Capítulo 2

P

ara cuando, a la mañana siguiente, la noticia de la muerte de Margareta se hizo de dominio público, yo ya estaba muy lejos. Me enteré de que su madre mintió diciendo que la niña había muerto de una pulmonía. Nadie sospechó. Las vidas de las putas no interesaban más que a sus clientes, y solo cuando les afectaban; las de sus bastardos, ni siquiera entonces. No volví a saber de la mujer, por lo que deduzco que el pago le compensó lo suficiente.

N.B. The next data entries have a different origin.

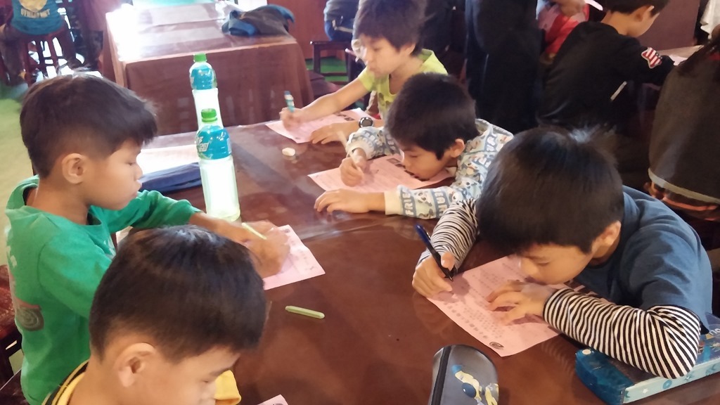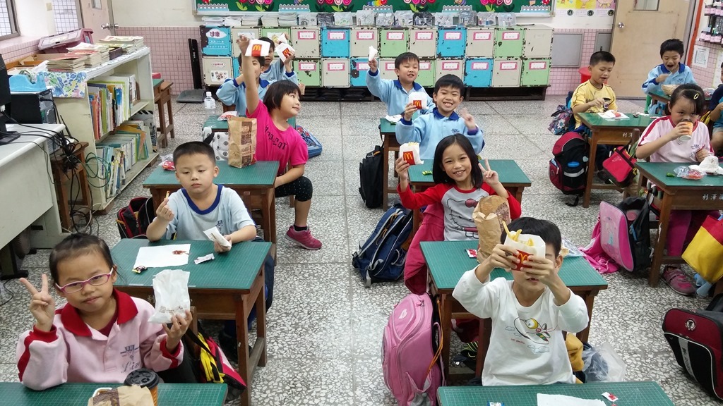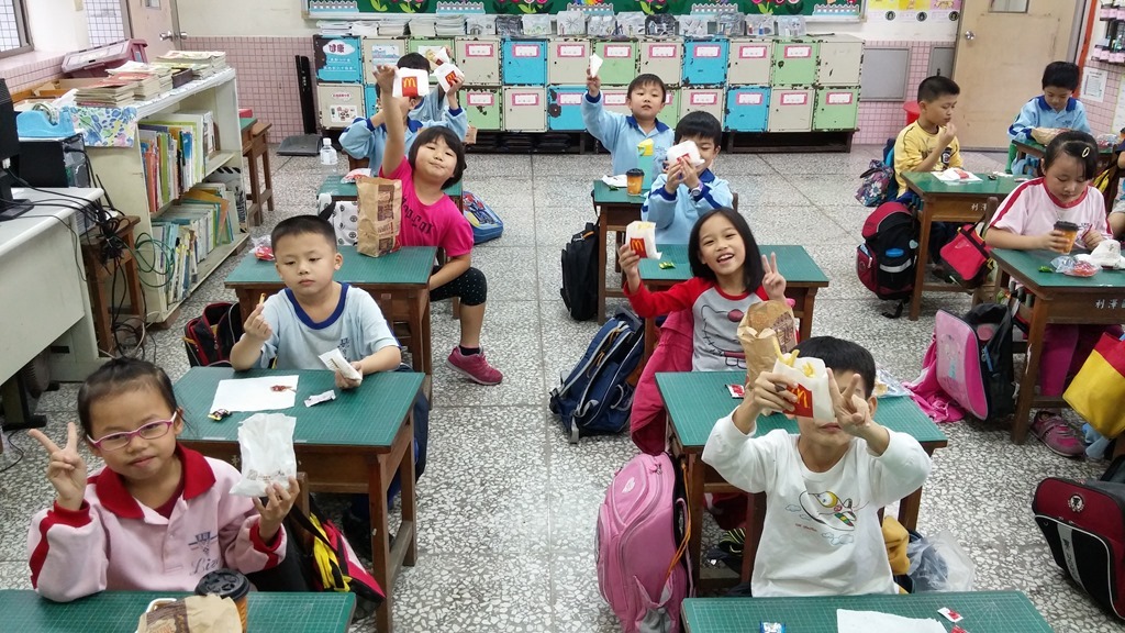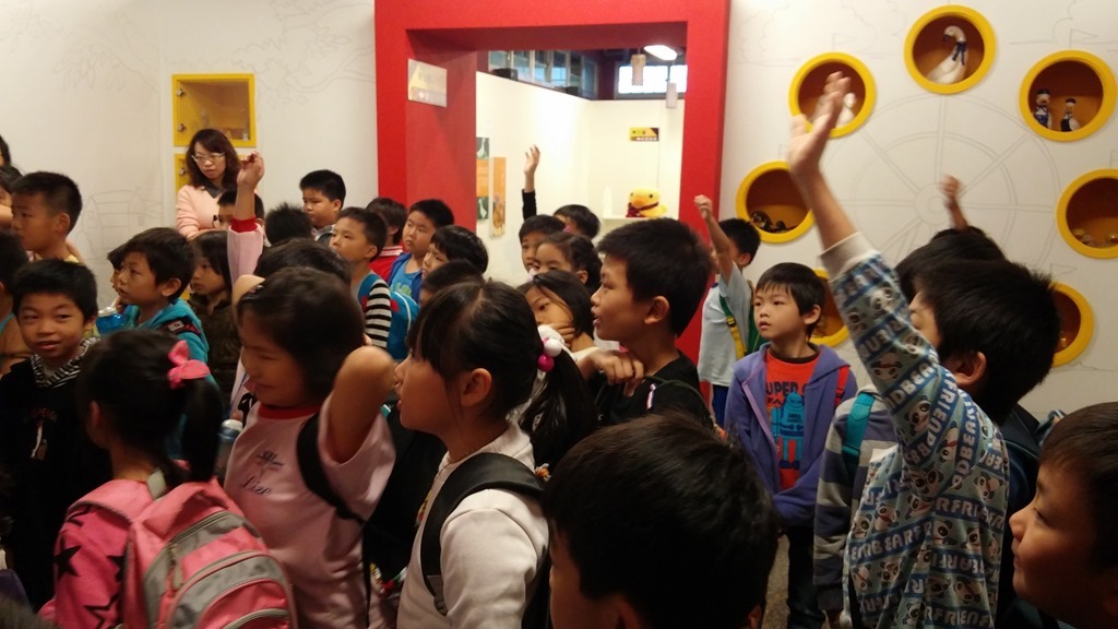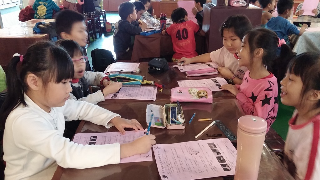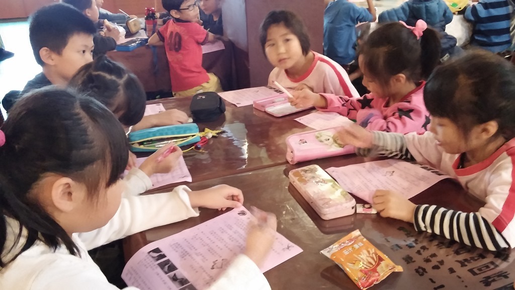 「剪刀~石頭~紙!」三個小朋友開心地在猜拳,忽然看見一群田嬰飛過去,
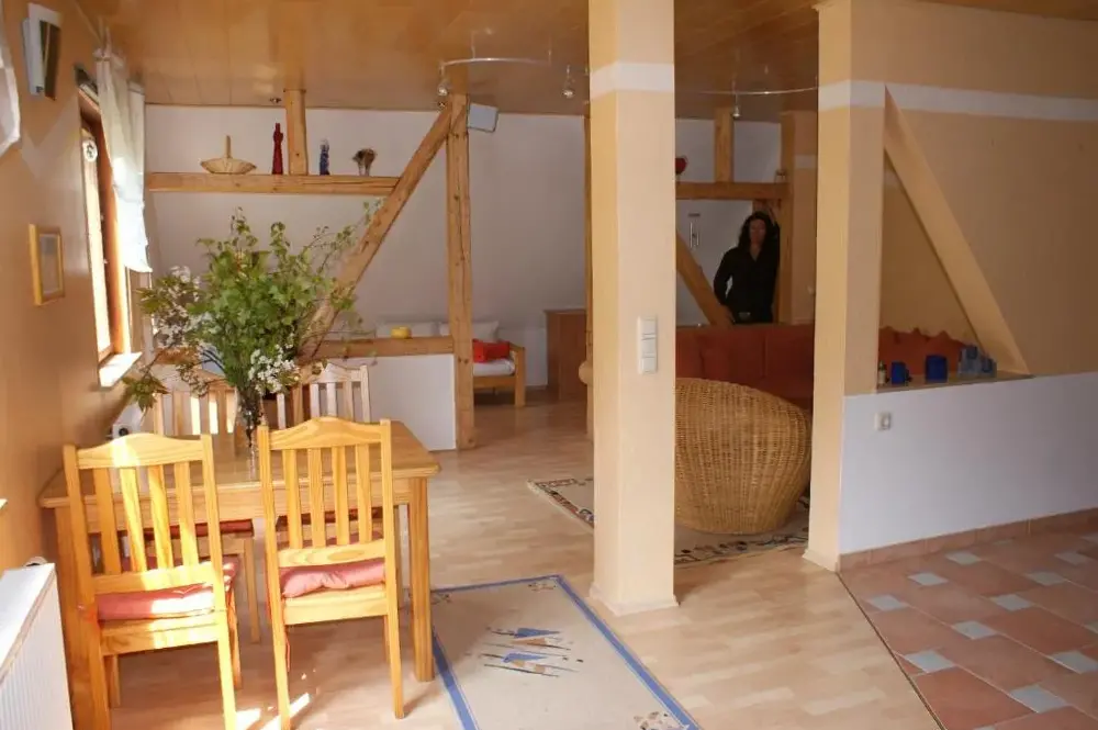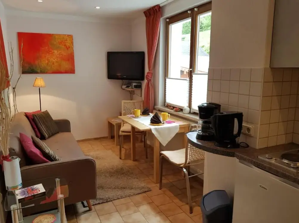 O Im alten Kino em Masserberg/Fehrenbach é um apartamento situado em um edifício histórico recentemente renovado, combinando charme do passado com confortos modernos. Oferece uma cozinha compacta totalmente equipada, área de jantar e sala de estar com piso de madeira. Possui terraço solar e estacionamento privativo gratuito.
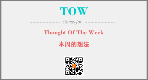 英文缩略词“TOW”经常作为“Thought Of The Week”的英文缩写来使用,中文表示:“本周的想法”。本文将详细介绍英文缩写词TOW所代表英文单词,其对应的中文拼音、详细解释以及在英语中的流行度。此外,还有关于缩略词TOW的分类、应用领域及相关应用示例等。
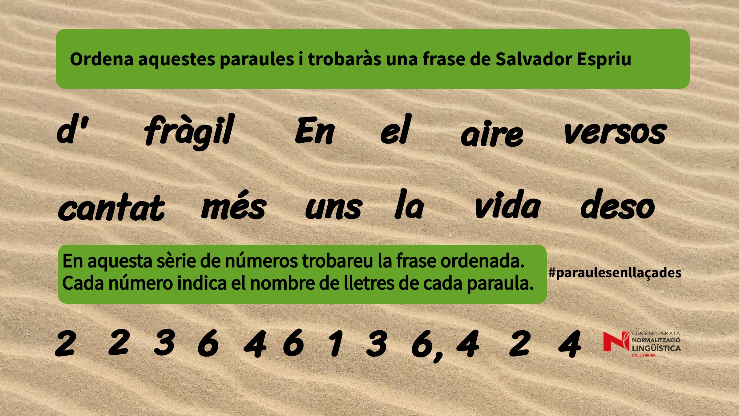 Ordeneu les paraules i descobrireu una frase de Salvador Espriu.
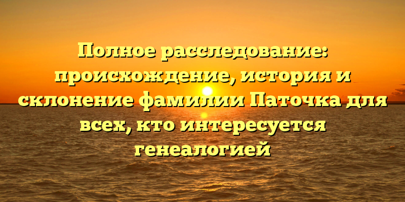 Исследование фамилии Паточка: происхождение, история и полная информация для генеалогов
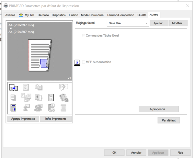 2. Aller sur l'onglet “Avancé” puis sur “Impression par défaut”*
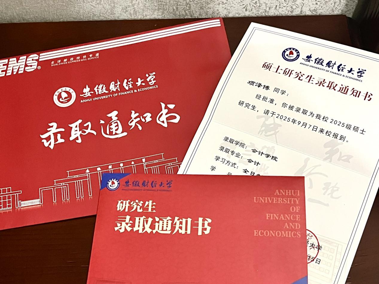 近日,星空平台2023届大数据与财务管理专业毕业生项泽博同学传来喜讯!历经专转本升入江苏科技大学后,他坚持不懈,最终成功考取安徽财经大学会计专业硕士研究生!
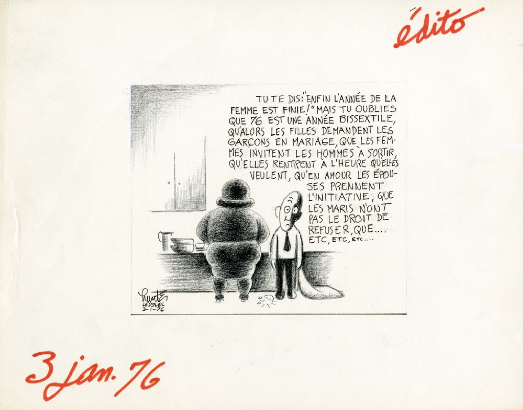«Tu te dis : «Enfin l'année de la femme est finie!» Mais tu oublies que 76 est une année bissextile, qu'alors les filles demandent les garçons en mariage, que les femmes invitent les hommes à sortir, qu'elles rentrent à l'heure qu'elles veulent, qu'en amour les épouses prennent l'initiative, que les maris n'ont pas le droit de refuser, que... etc, etc, etc...»
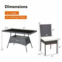 Costway 5 PCS Patio Rattan Dining Set Glass Table High Back Chair Mix Brown
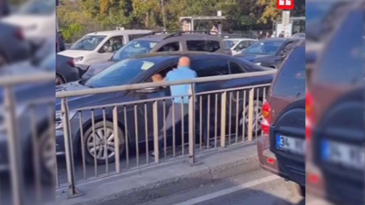 İstanbul'da trafikte otobüs şoförü ile otomobil sürücüsü arasında bilinmeyen bir nedenler kavga çıktı.
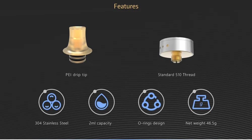 Материал: 304 нержавеющая сталь Размер: 22 мм * 41 мм Ёмкость: 2 мл Капельный Наконечник: 810 PEI капельный наконечник Положительный штырь: латунь позолоченная Нить: 510
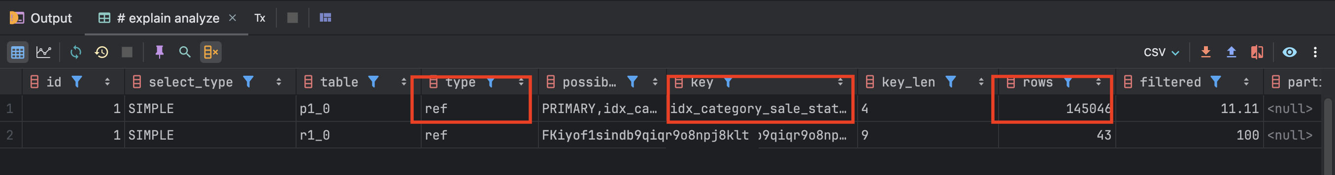 -> Index lookup on p1_0 using idx_category_sale_state (category = 'CLEANSING', sale_state = 'FOR_SALE'), with index condition: ((p1_0.sale_state = 'FOR_SALE') and (p1_0.category = 'CLEANSING')) (cost=10820 rows=114176) (actual time=0.31..105 rows=54853 loops=1)
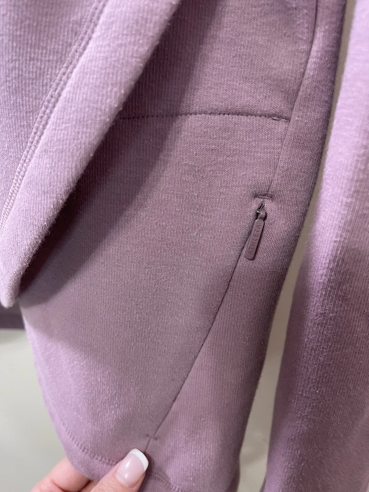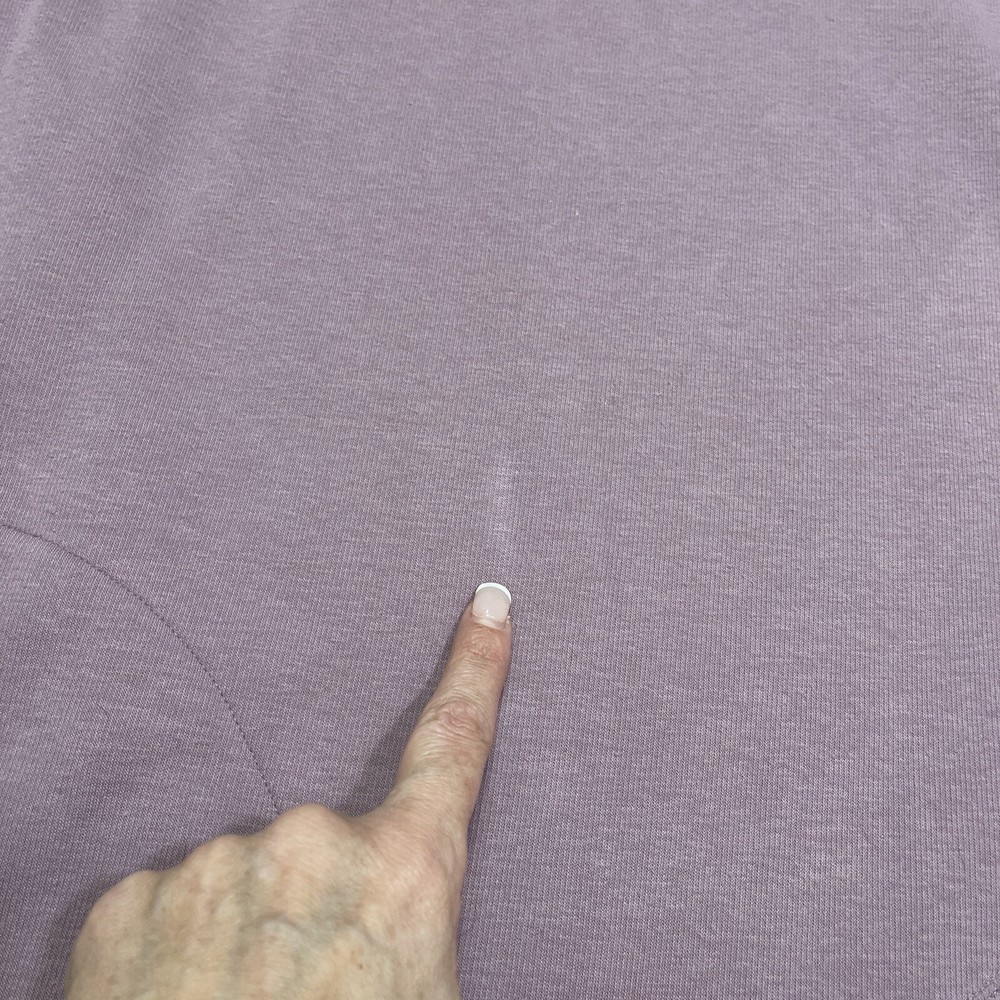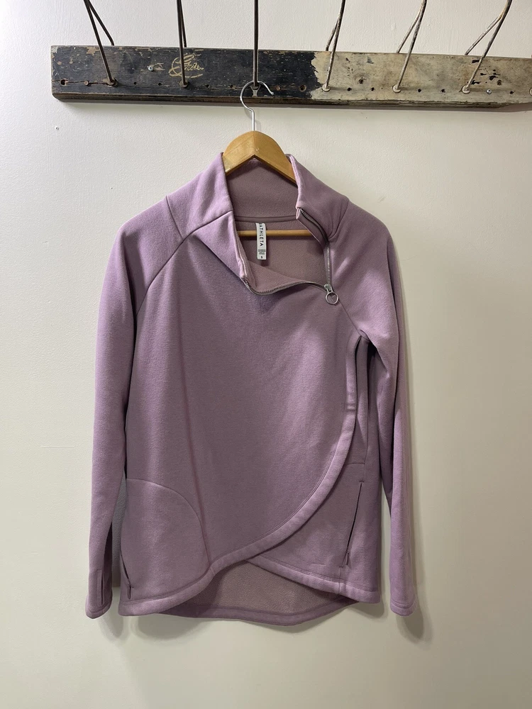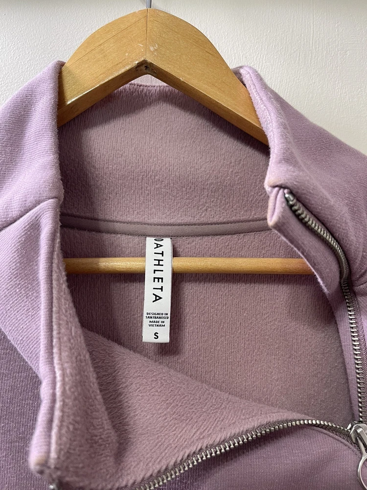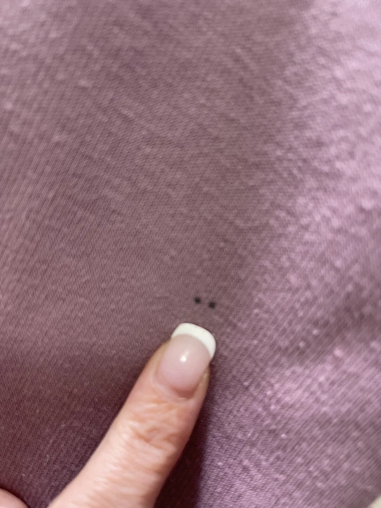 Absolutely love this cozy lavender pullover! The fleece is super soft and comfy, perfect for lounging or running errands. The spot mentioned is barely noticeable, and the fit is just right—super flattering. Great preowned find from a smoke-free home, totally worth it for the price!
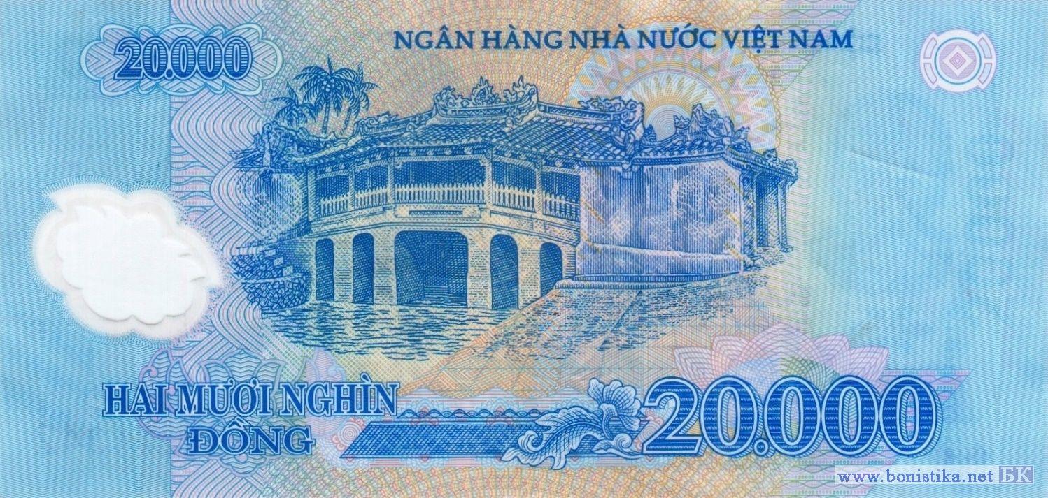 Революционер, партийный, государственный и военный деятель, основатель Коммунистической партии Вьетнама, руководитель Августовской революции 1945 года, первый президент Нгуен Шинь Кунг (Хо Ши Мин). Японский крытый деревянный мост с каменными опорами (Мост пагоды), соединяющий японский и китайский кварталы в городе Хойан в провинции Куангнам, пальмы, стилизованное изображение листьев и цветка растения.
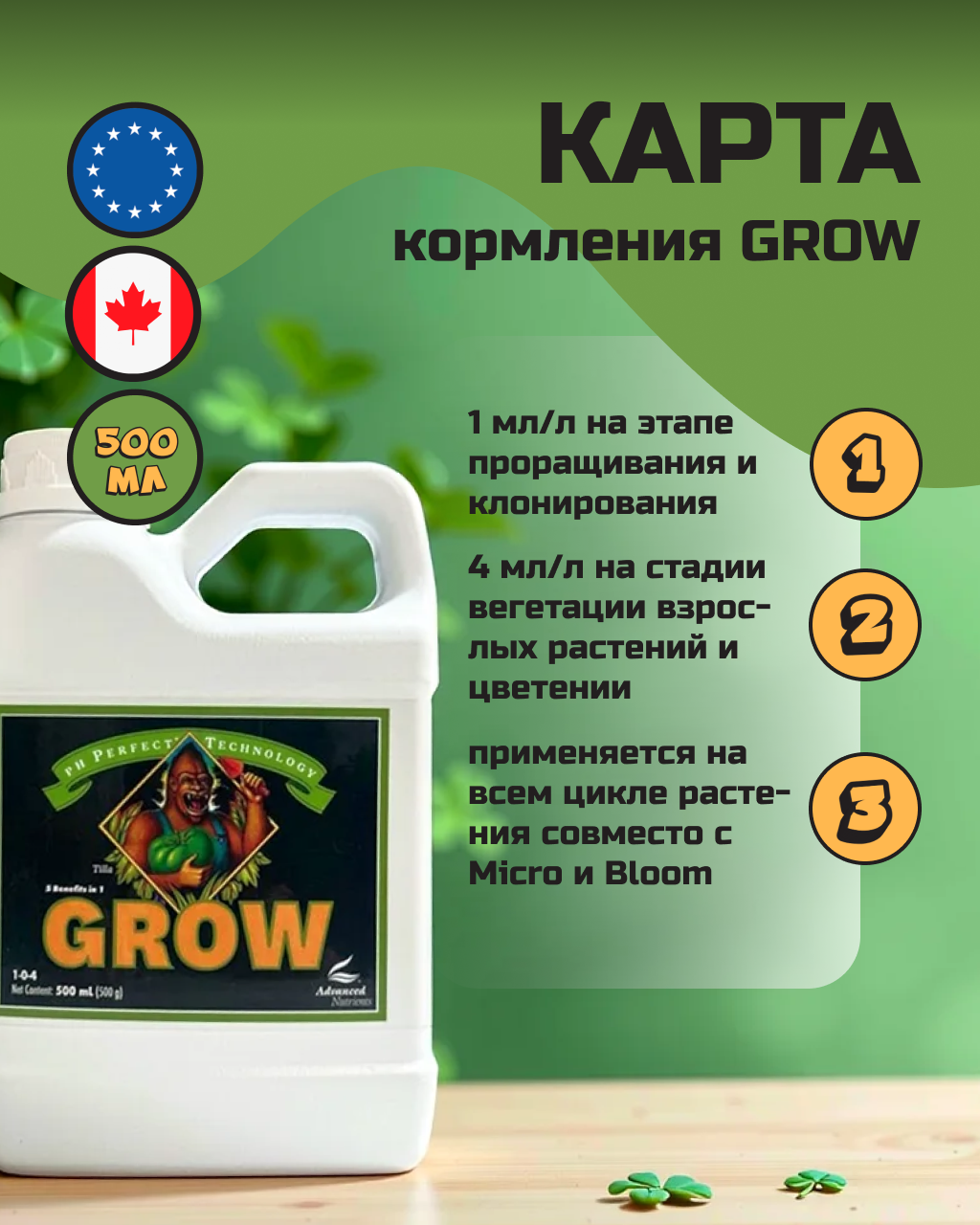 Используя все три части этого удобрения (Grow, Bloom и Micro), вы гарантированно обеспечите растения всеми необходимыми веществами и микроэлементами для питания и роста. Наличие в удобрения кальция, фосфора и азота позволяет создать здоровую питательную структуру и стимулировать урожайность и рост ваших растений.
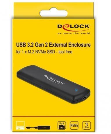 Ta obudowa firmy Delock umożliwia instalację dysków SSD M.2 PCIe NVMe w formacie 2280, 2260, 2242 lub 2230, można ją podłączać poprzez USB do komputera osobistego lub laptopa. Obudowa metalowa z zapewnia właściwą temperaturę pamięci. Cechą wyróżniającą obudowy jest, że do instalacji M.2 SSD nie potrzeba żadnych narzędzi. Pokrywkę można niewielkim naciskiem popchnąć do tyłu, SSD będzie zamocowane do PCB dociskiem gumowym. Pokrywkę docisnąć aż się zatrzaśnie.

Con la salida del sol me vestí con mi armadura, cogí mi espada y abandoné la ciudadela a caballo, en solitario. Todavía me quedaba una parada antes de reunirme con mis hombres y dirigirnos hacia Bucarest, a la batalla que, aunque aún no lo sabía, daría todo un giro a mi vida. Pese a ignorar que ese enfrentamiento sería especial para mí por algo más que por el hecho de ser el primero en el que tendría hombres a mi mando, me embargaba una extraña sensación; algo me decía que las cosas no saldrían tal y como esperábamos, y mi instinto rara vez se equivocaba. Y si bien no temía por mi vida, pues sabía que mi entrenamiento y mi propia naturaleza me otorgaban un noventa por ciento de posibilidades de sobrevivir, sí que me preocupaba que mi padre no lo consiguiera… Era un gran guerrero, mucho mejor que yo, pero él no compartía mis cualidades sobrehumanas. No era inmortal.

Pero me tenía a mí y mientras yo estuviera cerca, no tendría nada que temer.

Con estos pensamientos bien presentes, cabalgué varias leguas hasta divisar la silueta del convento en el que me esperaba la única mujer que ocupaba un lugar en mi corazón: mi hermana.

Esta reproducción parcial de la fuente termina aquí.